LA FAVORITA – L’indiziata principale per la conquista della coppa, a giochi da iniziare, è senza dubbio la Costa d’Avorio che, nonostante l’assenza di Didier Drogba, può vantare in rosa giocatori di caratura mondiale come Yaya e il fratello Kolo Toure, Kalou, Gervinho, Bony e Tiotè su tutti. Il loro organico, soprattutto in avanti, è davvero invidiabile. Sulla carta sono senza dubbio loro la squadra più forte anche se sono riusciti a vincere questo trofeo solo una volta nel 1992. I ragazzi di Renard sono una corazzata veramente ostica per tutti, ma, come ricordavamo in precedenza, questa è una competizione assolutamente impronosticabile. Alla fine le compagini che arrivano in fondo, qualificazioni permettendo, sono bene o male le più note da sempre: Egitto, Ghana, Camerun e Nigeria in primis, insieme alla favorita, in questo caso la Costa d’Avorio, ma le sorprese più inaspettate ci sono sempre.

LE PIACEVOLI SORPRESE – Per citarne alcune: lo Zambia con la vittoria nel 2012, l’Angola, la Tunisia, il Mali o il Senegal ed è questo ciò che piace di più della Coppa d’Africa, la sorpresa. Perché c’è si il colosso da battere, ma ci sono anche piccole realtà calcistiche stupende che finiscono sempre per entrare nei cuori dei veri amanti di questo splendido gioco. Alla fine non è detto che vincano, anzi, la maggior parte delle volte vengono stoppate quasi sul più bello, ma il cuore e l’orgoglio che mettono in ogni partita per onorare il loro paese è incredibile. Il bello di questa competizione sta proprio nel fatto che, indipendentemente da chi sei e da quanto guadagni, tutti scendono in campo per la propria terra, per far vedere quanto vale quella nazione grande o piccola che sia. Le proprie origini, questo è ciò che conta per chi gioca la Coppa d’Africa, perché come diceva il colonnello Coetzee a Leonardo Di Caprio in Blood Diamond “Questa terra rossa ce l’abbiamo nella pelle.

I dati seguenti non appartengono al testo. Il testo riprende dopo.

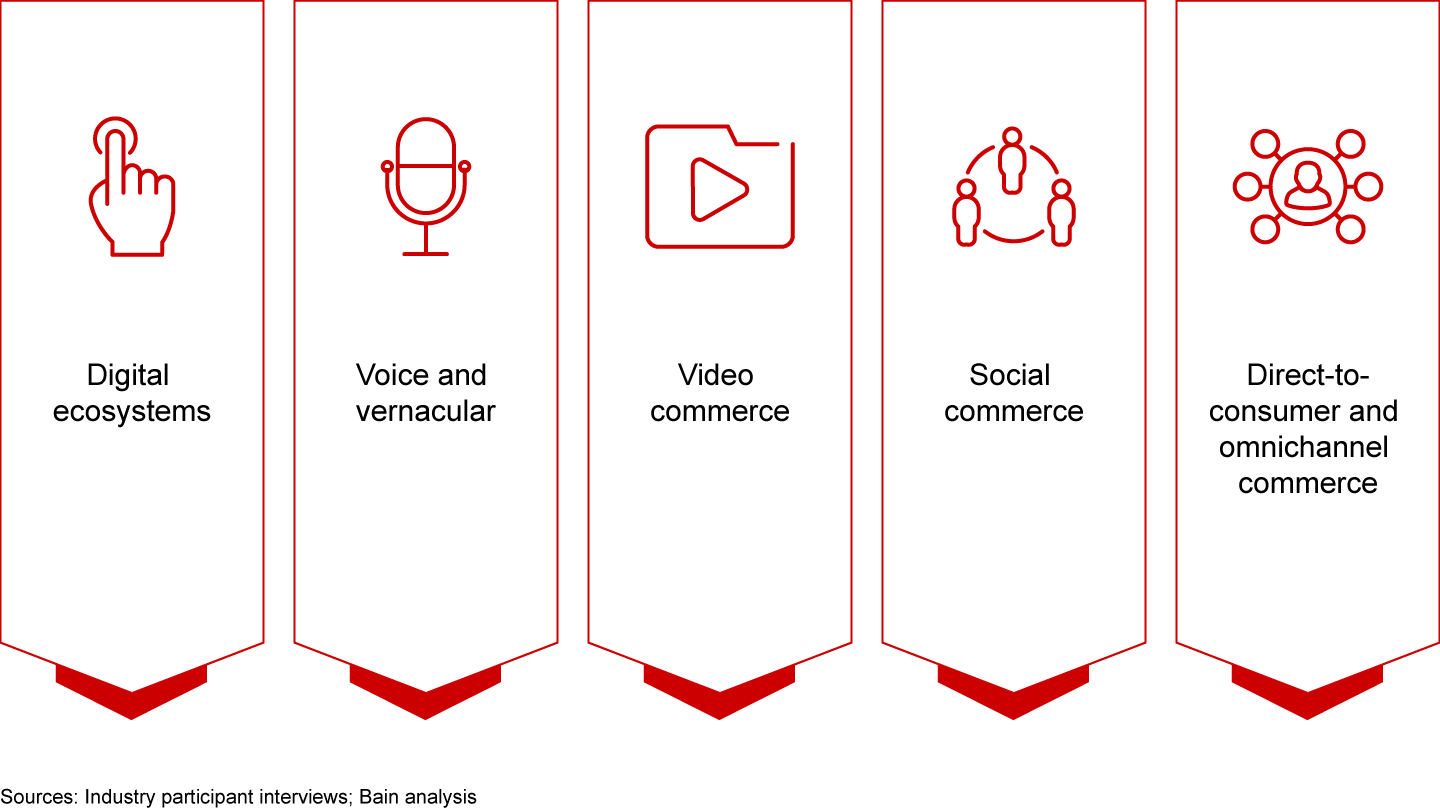 As e-retail accessibility continues to expand, a new wave of shoppers will come online. The majority of these future online shoppers are likely already in the digital funnel—watching videos and using chat and social media apps, but e-retailers will need to accelerate their transition to commerce. This involves a deep understanding of their needs and interaction patterns with brands and platforms. As firms look to out-innovate each other to win this next generation of online shoppers, we envision six mega-trends playing out in the India e-retail ecosystem:

Gli Shona dicono che il colore viene dal sangue sparso combattendo per questa terra. È casa nostra”. Perciò state tranquilli che anche i vari Yaya Toure, Tiotè e Gervinho questa cosa non se la scordano; e pure loro, nonostante siano ricchi sfondati, dal 17 gennaio all’8 Febbraio combatteranno e spargeranno sangue (metaforicamente) per la propria terra, non sottovalutando assolutamente il fatto di essere i favoriti. Manca poco, godetevi quindi lo spettacolo della più bella manifestazione calcistica del mondo. Buona coppa d’Africa a tutti.